TO DO:
Would you print out all of the data exactly and keep the pictures out of it?

STORED DATA:
■ ■ ■ ■ ■
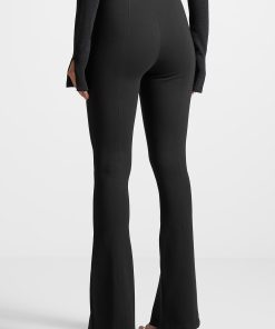 These fit and flare leggings feature dynamic split hems and a high waisted fit. The unique chain detailing is a stylish add-on and adds to the timelessness of the piece. Perfect for a night out or any other special occasion.
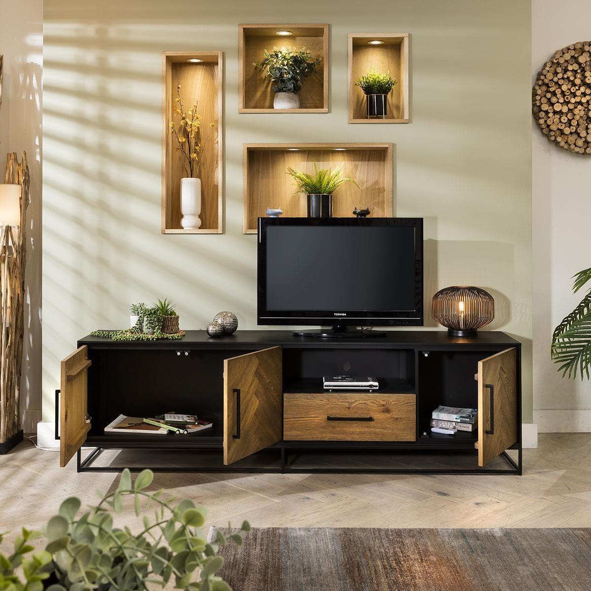 Crafted with solid wood and oak veneer, this modern TV stand boasts a parquet herringbone pattern on the cupboard doors, with a premium stain for a luxurious touch. The TV cabinet body flaunts a chic lacquered black finish, perfectly complemented by black metal handles, offering an industrial appeal to any living room. This TV stand doesn't compromise on space or style. Featuring a large double-door cupboard, a spacious open shelf, a drawer, and an additional single cupboard, it accommodates all your entertainment essentials. The unit's clever design provides ample storage while maintaining an open, airy feel. Plus, the 13cm black metal frame elevates the stand, adding an extra touch of sophistication. Worry less about assembly - this unit arrives preassembled, requiring only the attachment of the feet, ensuring a hassle-free setup. With its 200cm width, it easily accommodates even the largest televisions, becoming the focal point of your entertainment area. Whether you're showcasing your TV or organising media components, this TV cabinet combines functionality with a contemporary aesthetic. Curated to complement your contemporary lifestyle seamlessly, with plenty of storage - double-door cupboard internal dimensions W88cm D35cm H33cm, open-shelf internal dimensions W59cm D36cm H20cm, drawer internal dimensions W55cm D30cm H12cm, single door cupboard internal dimensions W40cm D35cm H33cm. W200cm D40cm H58cm Solid Oak and Acacia with Oak Veneer Preassembled - Simply attach the legs
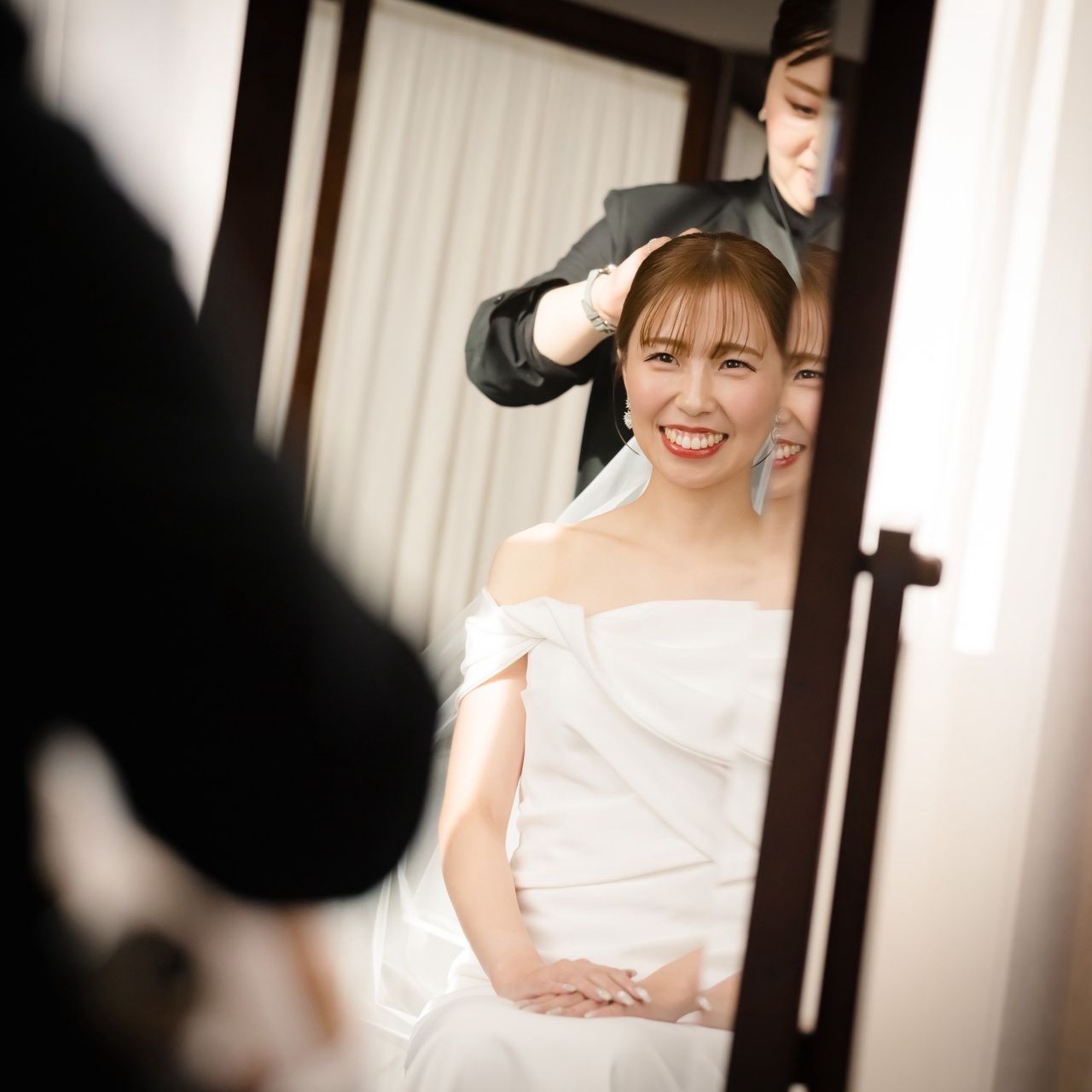 ウェディングドレスのヘアは大人っぽくまとめたアップスタイル。
■ ■ ■ ■ ■
EXERCISE ANSWER:
 These fit and flare leggings feature dynamic split hems and a high waisted fit. The unique chain detailing is a stylish add-on and adds to the timelessness of the piece. Perfect for a night out or any other special occasion.
 Crafted with solid wood and oak veneer, this modern TV stand boasts a parquet herringbone pattern on the cupboard doors, with a premium stain for a luxurious touch. The TV cabinet body flaunts a chic lacquered black finish, perfectly complemented by black metal handles, offering an industrial appeal to any living room. This TV stand doesn't compromise on space or style. Featuring a large double-door cupboard, a spacious open shelf, a drawer, and an additional single cupboard, it accommodates all your entertainment essentials. The unit's clever design provides ample storage while maintaining an open, airy feel. Plus, the 13cm black metal frame elevates the stand, adding an extra touch of sophistication. Worry less about assembly - this unit arrives preassembled, requiring only the attachment of the feet, ensuring a hassle-free setup. With its 200cm width, it easily accommodates even the largest televisions, becoming the focal point of your entertainment area. Whether you're showcasing your TV or organising media components, this TV cabinet combines functionality with a contemporary aesthetic. Curated to complement your contemporary lifestyle seamlessly, with plenty of storage - double-door cupboard internal dimensions W88cm D35cm H33cm, open-shelf internal dimensions W59cm D36cm H20cm, drawer internal dimensions W55cm D30cm H12cm, single door cupboard internal dimensions W40cm D35cm H33cm. W200cm D40cm H58cm Solid Oak and Acacia with Oak Veneer Preassembled - Simply attach the legs
 ウェディングドレスのヘアは大人っぽくまとめたアップスタイル。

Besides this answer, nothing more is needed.